> TRY IT: Exclude the pictures, and otherwise reproduce the data in full.
═════ DATA TO EXAMINE ═════
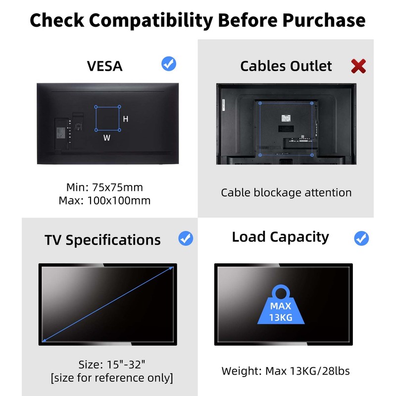 • TV Wall Mount - ideal for most 15" to 32" LED, LCD, and Plasma TVs that weigh up to 28lbs (13kg)
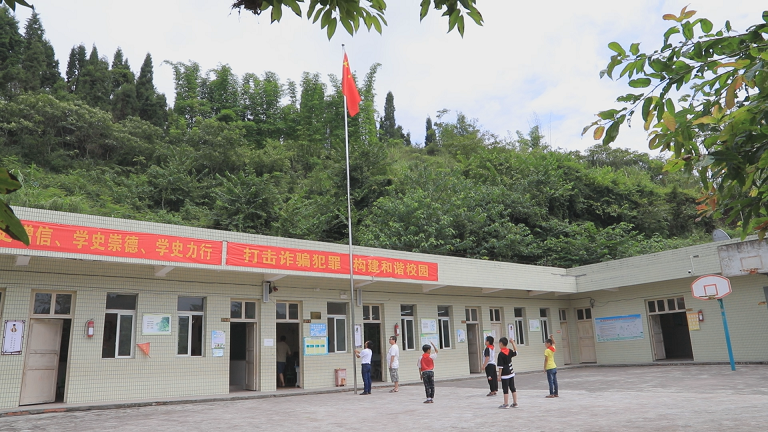 重庆市荣昌区盘龙镇云台村小的一周是从升旗仪式开始的。负责升旗的正是学校的负责人邓青友,而下面站着的是云台村小四年级的四个学生,他们也是云台村小仅有的四名小学生。
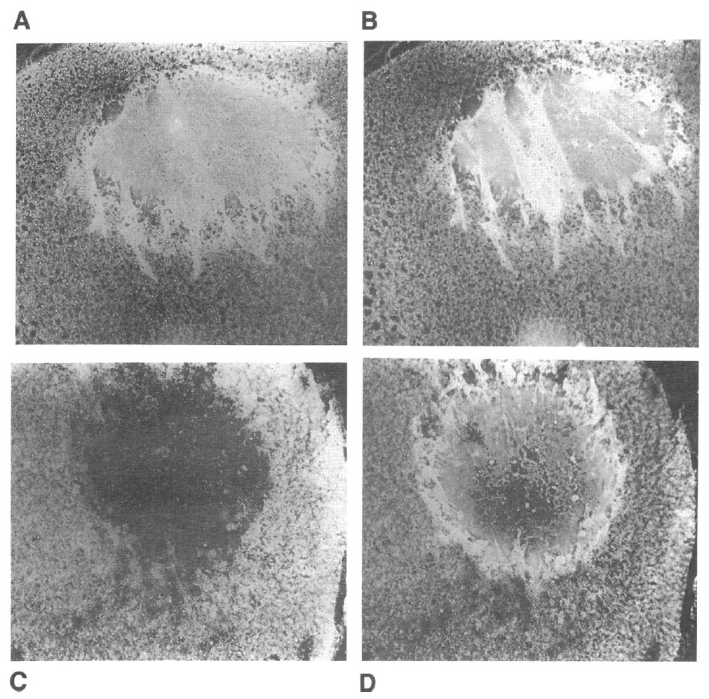 Figure 5. Indirect immunofluorescent localization of p4O-MO15 in stage VI oocytes. Acetone-fixed cryosections of stage VI oocytes were incubated with either M015-specific rabbit polyclonal antibody, together with a mouse monoclonal antibody to nucleoplasmin ( A and B) preimmune rabbit serum together with a mouse monoclonal antibody to nucleoplasmin (C and D). Rabbit antibodies were detected using alkaline phosphatase conjugated goat. antirabbit IgG, followed by incubation with Fast Red substrate and fluorescence viewed using a Rhodamine filter (A and C). Mouse antibodies were detected using FITC-conjugated goat antimouse IgG and fluorescence viewed using a fluorescein filter (B and D). |
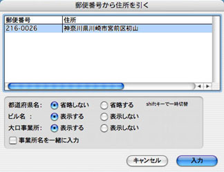 住所が検索されるので、[入力]ボタンをクリックします。![]() |
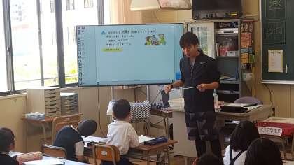 2年2組は算数でした。足し算の学習を、電子黒板を使って行いました。
═════
> TASK RESPONSE:
 • TV Wall Mount - ideal for most 15" to 32" LED, LCD, and Plasma TVs that weigh up to 28lbs (13kg)
 重庆市荣昌区盘龙镇云台村小的一周是从升旗仪式开始的。负责升旗的正是学校的负责人邓青友,而下面站着的是云台村小四年级的四个学生,他们也是云台村小仅有的四名小学生。
 Figure 5. Indirect immunofluorescent localization of p4O-MO15 in stage VI oocytes. Acetone-fixed cryosections of stage VI oocytes were incubated with either M015-specific rabbit polyclonal antibody, together with a mouse monoclonal antibody to nucleoplasmin ( A and B) preimmune rabbit serum together with a mouse monoclonal antibody to nucleoplasmin (C and D). Rabbit antibodies were detected using alkaline phosphatase conjugated goat. antirabbit IgG, followed by incubation with Fast Red substrate and fluorescence viewed using a Rhodamine filter (A and C). Mouse antibodies were detected using FITC-conjugated goat antimouse IgG and fluorescence viewed using a fluorescein filter (B and D). |
 住所が検索されるので、[入力]ボタンをクリックします。![]() |
 2年2組は算数でした。足し算の学習を、電子黒板を使って行いました。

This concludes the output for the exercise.